Let's look at a few issues:
The parking lot If there's a real-world equivalent to the dystopian world depicted in the movie Blade Runner, it has to be the Candlestick Park lot. What a hellhole. It's been that way for years, during both 49ers and Giants games. It's an invitation to lawless, thuggish behavior.
The stadium Candlestick Park itself is a dump. No amount of lipstick is going to make this pig look good. The "broken window" theory says crummy surroundings breed bad behavior, and this place is perfect proof.

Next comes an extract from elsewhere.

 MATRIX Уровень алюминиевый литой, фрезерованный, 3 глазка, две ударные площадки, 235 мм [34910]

The exhibition game ripoff It ought to be illegal, but the NFL (and the other big pro sports) force season-ticket holders to buy tickets to meaningless exhibition games--at full price! Think of that as a 25% surcharge on your season-ticket plan (8 regular-season home games plus 2 exhibition games). These tickets often wind up unused or dumped at bargain prices. The result: the usual crowd stays away, and the replacements? Well, you saw what happens.

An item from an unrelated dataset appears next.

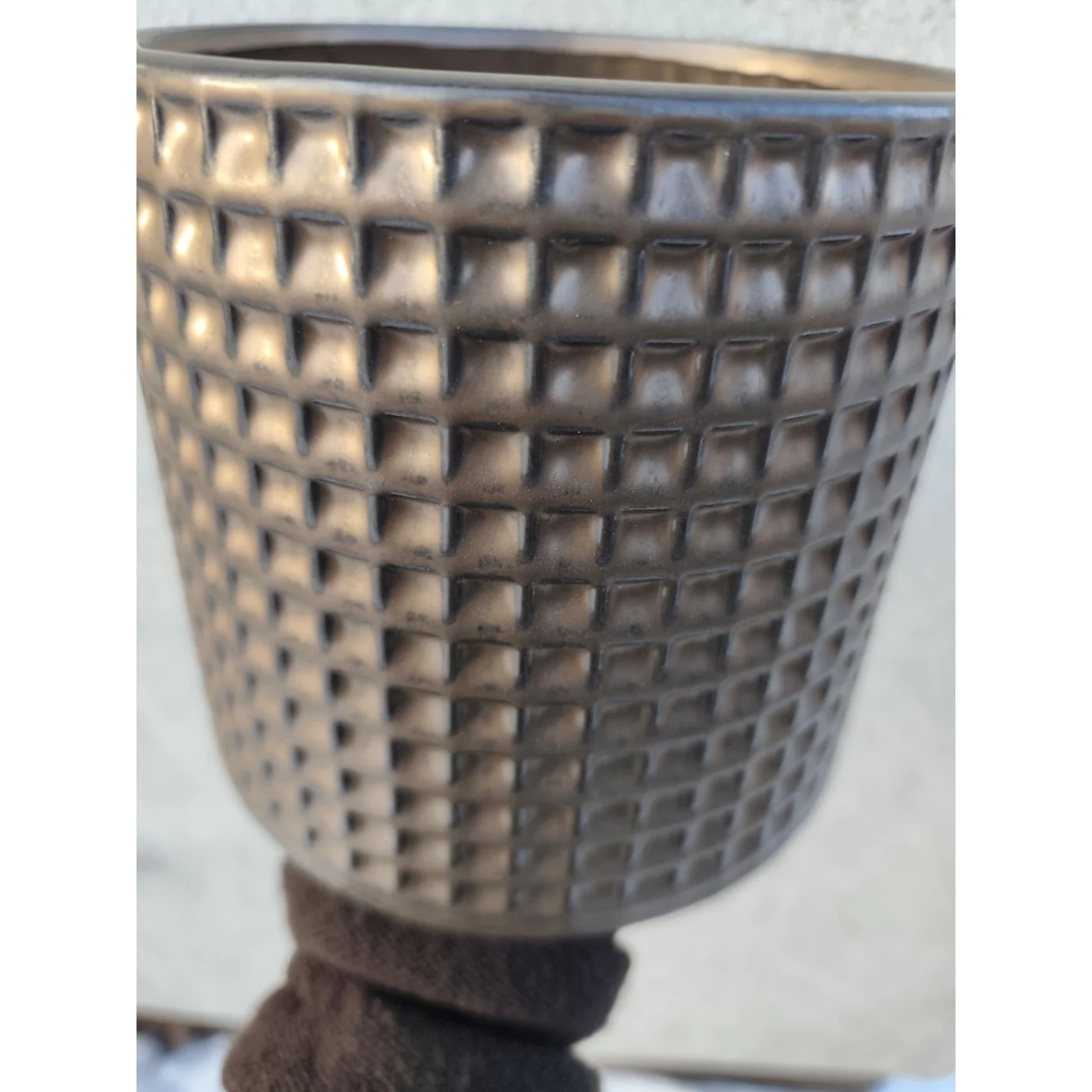 Idealna osłonka do malego kwiatka - piękna osłonka w stylu VINTAGE. Okrągła osłonka wykonana jest z ceramiki z fakturą kratkowaną.

The socioeconomic gap I'm trying to be delicate here. But suffice it to say that many of the customers at Saturday's nightmare are not exactly the same folks Jed York hangs with in his spare time. Don't just blame the 49ers (or the Raiders): when the cheap seats are $74 and the parking is $30, the NFL is on an ice floe, floating away from the mainland of its fan base.
Stadium culture in general The Bay Area needs to own up to an ugly fact: crude fan behavior is not new here (let's not forget the flying bottles at Kezar Stadium), and it's not getting a lot better. A willingness to let the lowest common denominator rule can't be a good thing. Look, I'm no prude, but even I am put off by T-shirts and bumper stickers that casually invoke the F-word.

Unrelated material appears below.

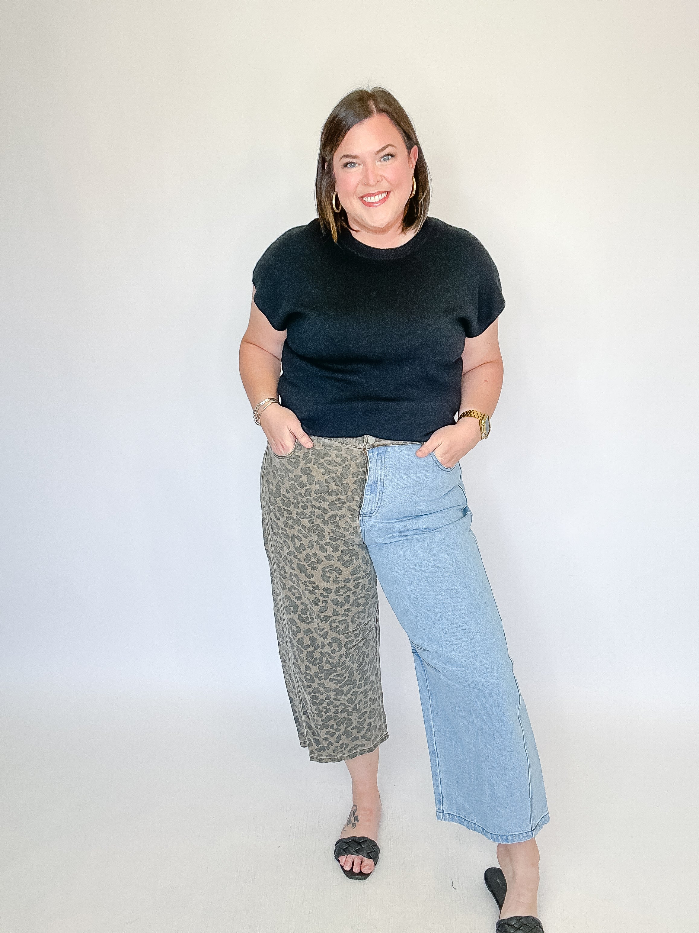 These statement jeans feature a bold split design that mixes classic denim with a striking leopard pattern panel for an instant edge. The wide-leg silhouette offers a relaxed, easy fit while still making a high-impact style statement. Finished with functional pockets and a comfortable waistband, they’re perfect for adding personality to any casual look.

Too much booze It starts with the "pre-heat" in the parking lot (or even before) and continues right on into the stadium. NFL games have become, for many, more than just a buzz. And it's not just at the stadium: bars and restaurants pack 'em in on NFL Sundays. It's a tricky issue, because limiting alcohol sales inside the stadium simply convinces many to pound 'em back faster before they enter.
The 49ers, Raiders, police and NFL are saying all the right things. In particular, the promises to run DUI checkpoints near Candlestick Park and ban "tailgating" after the kickoff should help. Maybe Jed York is right to call for an end to the faux "rivalry" of the 49ers/Raiders exhibition game.
But everyone in this picture needs to think bigger. The NFL and its wealthy players (and the broadcasters who make bank on pro football) could spend a few of their spare millions funding a serious, no-B.S. campaign that could reset expectations of fan behavior. Think back to the powerful message sent by Giant Jeremy Affeldt and Dodger Jamey Carroll after the Dodger Stadium attack on a Giants fan. NFL players need to be doing the same.
Beyond that, it's time for the billionaires who run pro football to take a look across the parking lots and realize the people out there are, in many cases, from a very different part of society. The kind of anger and nihilism that leads to what we saw Saturday night is scary when you see it up close, but it should be a call to action when it's seen in a broader sense.